> _PROBLEM STATEMENT_: Look through the data below and output, unchanged, every line from the one holding "本网讯 8月8日,学校党委书" through the one holding "Покупателям ос", inclusive. Skip the pictures.

> _RECORD EXCERPTS_:
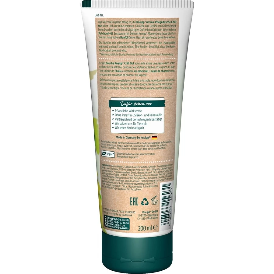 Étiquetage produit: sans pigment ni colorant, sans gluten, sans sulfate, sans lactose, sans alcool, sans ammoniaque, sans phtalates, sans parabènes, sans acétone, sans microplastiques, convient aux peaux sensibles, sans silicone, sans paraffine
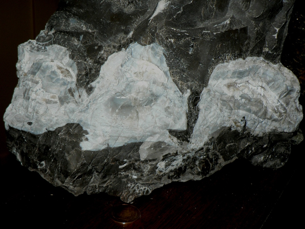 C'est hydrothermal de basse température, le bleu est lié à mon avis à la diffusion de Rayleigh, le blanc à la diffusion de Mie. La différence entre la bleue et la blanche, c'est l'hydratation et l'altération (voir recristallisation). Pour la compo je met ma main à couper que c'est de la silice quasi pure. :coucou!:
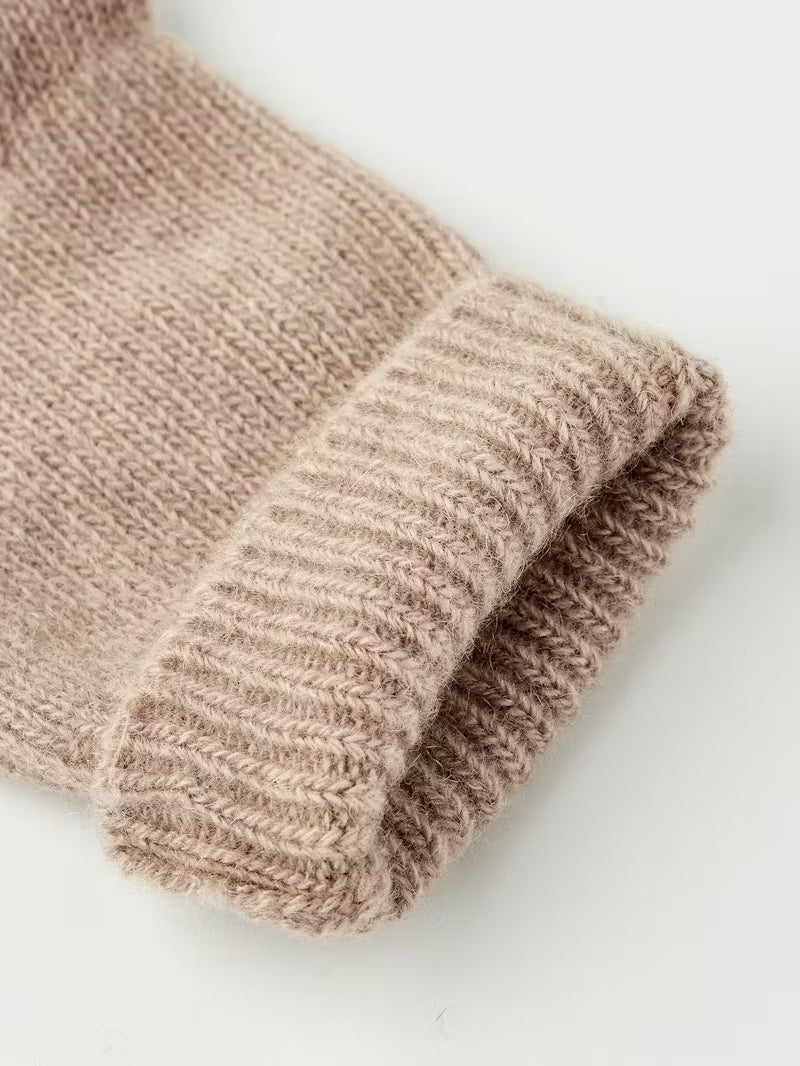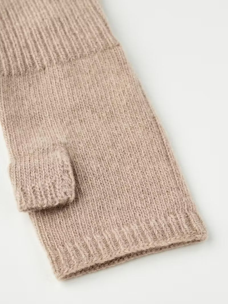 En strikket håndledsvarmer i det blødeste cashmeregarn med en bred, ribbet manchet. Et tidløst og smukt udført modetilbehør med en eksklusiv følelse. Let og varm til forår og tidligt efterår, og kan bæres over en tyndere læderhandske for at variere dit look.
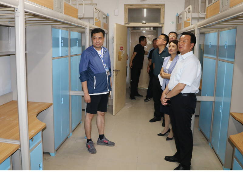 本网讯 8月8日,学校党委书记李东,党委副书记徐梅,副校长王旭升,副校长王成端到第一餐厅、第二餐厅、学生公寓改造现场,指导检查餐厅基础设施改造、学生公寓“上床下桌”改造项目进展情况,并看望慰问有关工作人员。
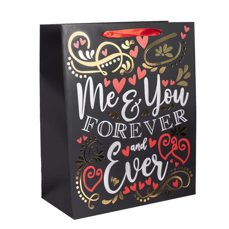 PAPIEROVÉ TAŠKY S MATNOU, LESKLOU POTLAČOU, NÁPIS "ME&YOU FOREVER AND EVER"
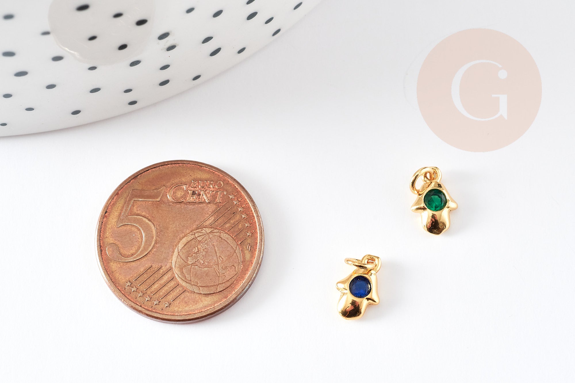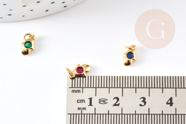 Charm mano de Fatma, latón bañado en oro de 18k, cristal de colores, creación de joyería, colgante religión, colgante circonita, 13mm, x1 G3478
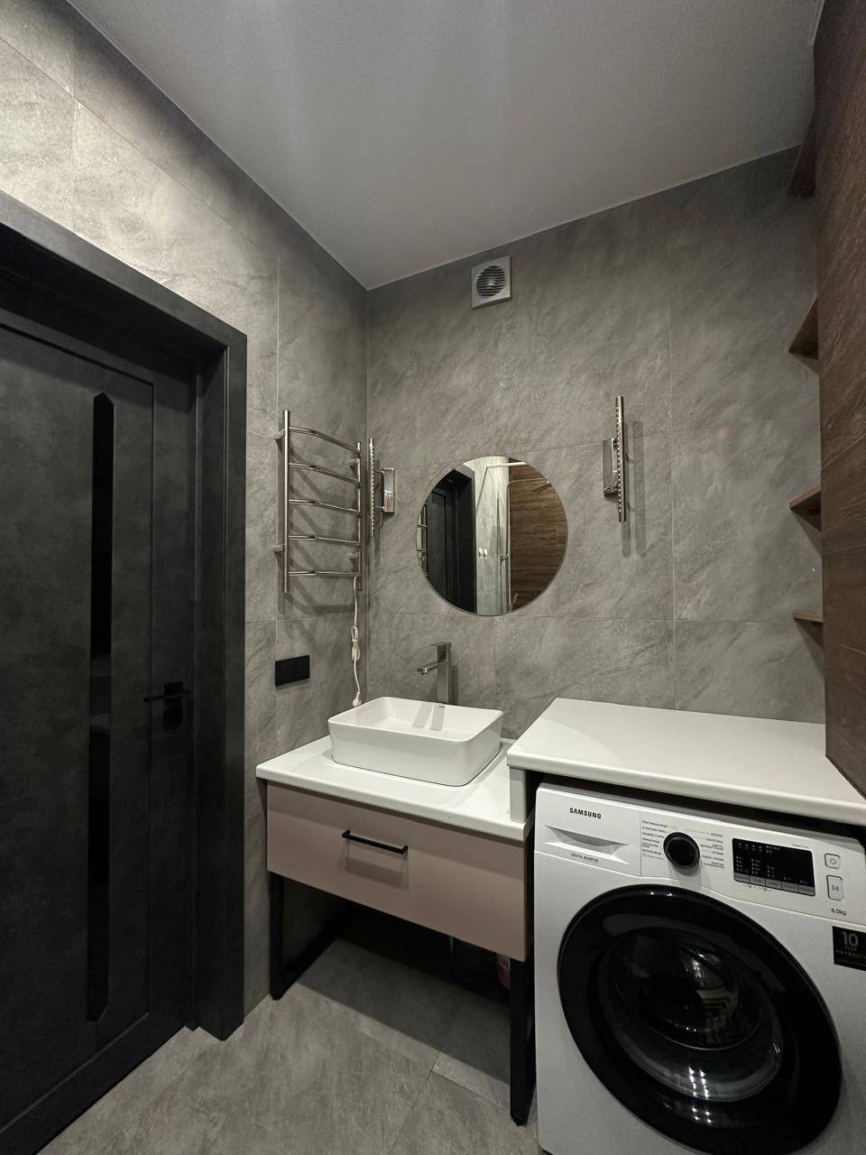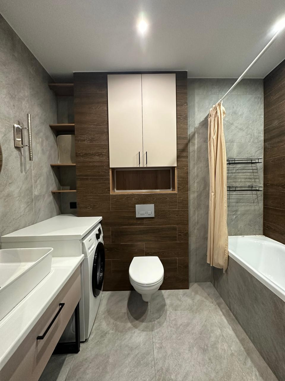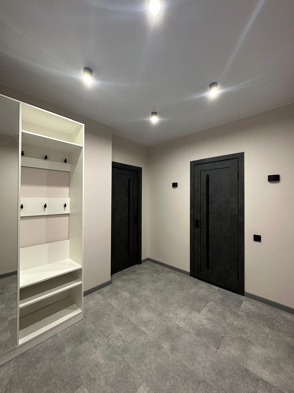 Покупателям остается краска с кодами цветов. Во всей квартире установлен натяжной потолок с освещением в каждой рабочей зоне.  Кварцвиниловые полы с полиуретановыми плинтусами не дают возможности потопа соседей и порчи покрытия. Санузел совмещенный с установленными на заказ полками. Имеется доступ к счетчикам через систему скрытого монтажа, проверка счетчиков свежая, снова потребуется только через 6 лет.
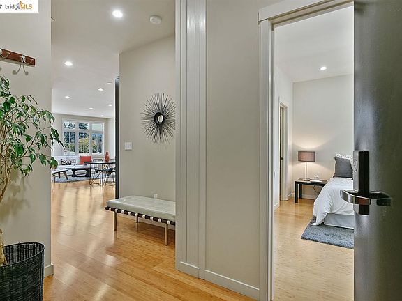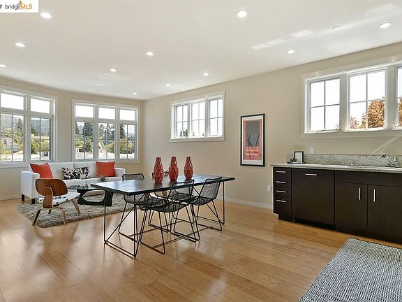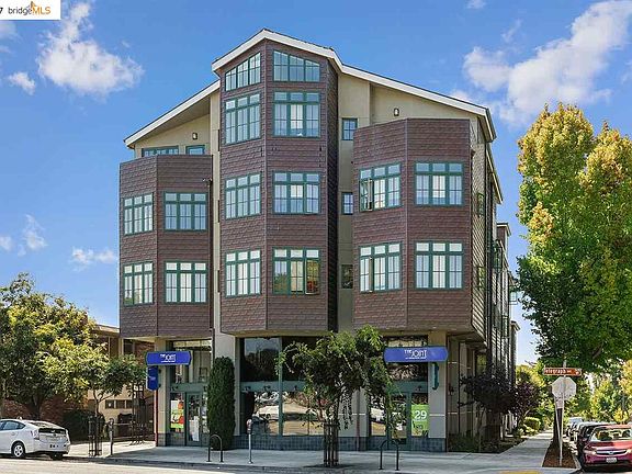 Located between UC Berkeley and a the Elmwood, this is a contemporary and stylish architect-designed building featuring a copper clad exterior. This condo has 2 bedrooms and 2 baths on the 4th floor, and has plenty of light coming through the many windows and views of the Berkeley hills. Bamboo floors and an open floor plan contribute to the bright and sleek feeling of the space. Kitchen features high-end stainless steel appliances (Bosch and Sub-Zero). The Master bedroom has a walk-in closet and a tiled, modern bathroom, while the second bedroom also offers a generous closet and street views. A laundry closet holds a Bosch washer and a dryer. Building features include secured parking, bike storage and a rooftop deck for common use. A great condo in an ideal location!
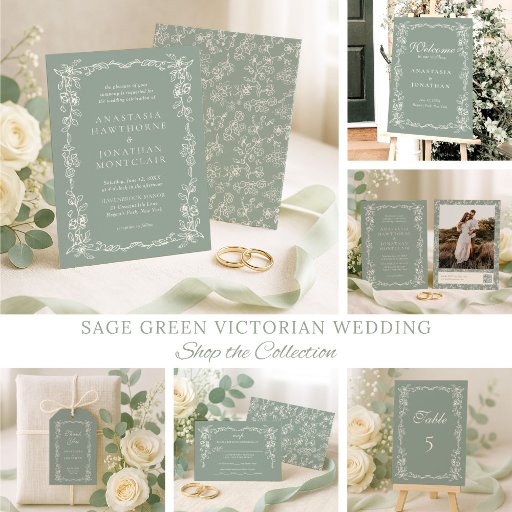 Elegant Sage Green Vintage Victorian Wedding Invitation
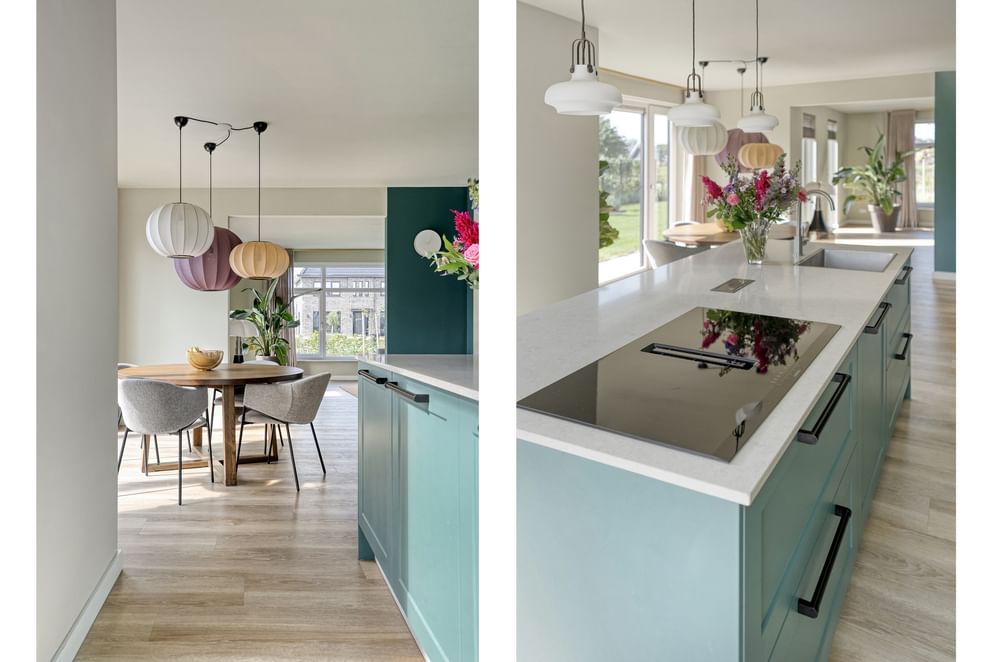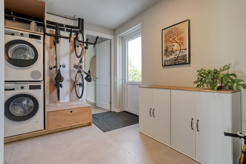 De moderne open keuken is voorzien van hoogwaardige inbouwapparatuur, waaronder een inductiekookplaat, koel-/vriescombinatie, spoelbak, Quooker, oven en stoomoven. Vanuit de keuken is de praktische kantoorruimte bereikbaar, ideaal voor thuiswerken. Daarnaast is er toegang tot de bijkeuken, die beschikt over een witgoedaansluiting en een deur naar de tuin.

> _SOLUTION FOR THIS TASK_:
 本网讯 8月8日,学校党委书记李东,党委副书记徐梅,副校长王旭升,副校长王成端到第一餐厅、第二餐厅、学生公寓改造现场,指导检查餐厅基础设施改造、学生公寓“上床下桌”改造项目进展情况,并看望慰问有关工作人员。
 PAPIEROVÉ TAŠKY S MATNOU, LESKLOU POTLAČOU, NÁPIS "ME&YOU FOREVER AND EVER"
 Charm mano de Fatma, latón bañado en oro de 18k, cristal de colores, creación de joyería, colgante religión, colgante circonita, 13mm, x1 G3478
 Покупателям остается краска с кодами цветов. Во всей квартире установлен натяжной потолок с освещением в каждой рабочей зоне.  Кварцвиниловые полы с полиуретановыми плинтусами не дают возможности потопа соседей и порчи покрытия. Санузел совмещенный с установленными на заказ полками. Имеется доступ к счетчикам через систему скрытого монтажа, проверка счетчиков свежая, снова потребуется только через 6 лет.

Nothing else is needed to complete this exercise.